His features crumpled in confusion.
"Missed what? It seemed like I covered all of your… bases."
When realization dawned, he turned to her with the gleam of excitement in his eyes, ready to begin an exploration for the mark or blemish he had missed. Ordinarily this focus on her flaws would have made Cuddy insecure, but for some reason she welcomed this detailed attention. She wasn't sure anyone had ever known her this well, or even cared to. Flippant though he could be, nothing was ever truly superficial with House.
"Not so fast, buster. I'll tell you where it is if you tell me what your morbid fascination with my old war wounds is."
Cuddy kept her tone on the teasing side, but was suddenly desperate to know the rationale behind it, if there even was one.
His attempt to brush her off and continue exploration was cut short by her gathering the thick sheet around her body and shifting to a sitting position. Seeing that he was thwarted, he opted for the kind of swift and disarming honesty that usually caught her off guard.
"I'm curious," he shrugged.
Being succinct had done him no favors, and the navy cotton remained resolutely in place, much to his chagrin.
"You were my doctor. You've seen all of my scars, even gave me a couple for good measure. Not to mention all the other info you have about me that I'd rather you didn't know. I can't be at a disadvantage with someone when I feel a certain way about them, and knowledge is power. The more intimate, the better."
Cuddy had initially winced at his allusion to the surgery that had almost cost them any kind of relationship, as friends or otherwise. As the significance of the following words sank in, she was instantly on a knife-edge between hope and disappointment. With reluctance, she forced the inevitable question from her lips.
"Which certain way do you feel about me?" she ventured, unable to keep the nervousness from her voice.

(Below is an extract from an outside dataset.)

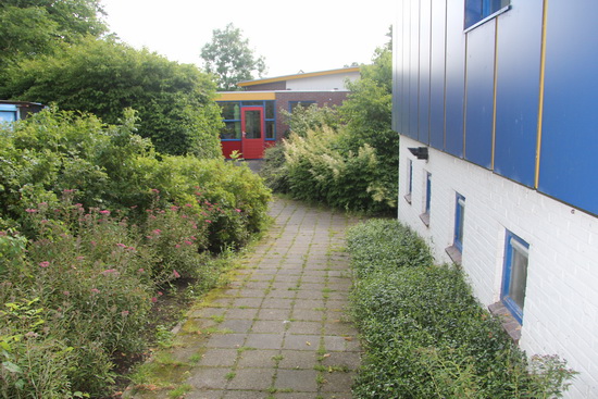 Het pad langs ‘het hoofdenkamertje’ naar de onderbouw (het vroegere handenarbeidlokaal dat uitgroeide tot een zelfstandige kleuterschool, voordat de OBS ontstond…). Links is nog een stukje van de oud-papiercontainer te zien. Vroeger werd het niveauverschil overbrugd met stenen trappetjes, later werd de hellingbaan aangelegd.

With an exasperated sigh, House threw out the answer like the most obvious thing in the world.
"I love you, stupid."
Cuddy froze for a moment, a tidal wave of emotion hitting her as happiness, shock and love collided somewhere in the pile of mush currently masquerading as her brain. Unable to form coherent sentences, she said the first thing that came to mind.
He cracked up laughing right in her face. Before she could elaborate, he cut her off.
"Yeah, yeah, I know you do too. It's practically on a neon billboard above your head. Now to business. Where's the missing scar?"
Shaking her head at the surreal nature of well, everything, when it came to House, Cuddy dropped the sheet and traced her index finger over the tiniest of scars on the side of her breast.
House's expression was priceless. Of all the places to miss a piece of the puzzle, it had to be his favorite. If this was the kind of story Cuddy told to people, he'd never live it down. He'd probably tell Cameron just to make her squirm.
"Something happened to one of the twins? Oh. My. God. Now, you tell me every single detail, and if anyone is responsible for this crime, you be sure to tell me so that I can hunt them down and kill them."
As Cuddy began her story about straightening irons and the dangers of gesturing with them in your hand, it occurred to her that for the first time since her father died (and in truth, a long time before that) she was happy. It made for a very welcome change.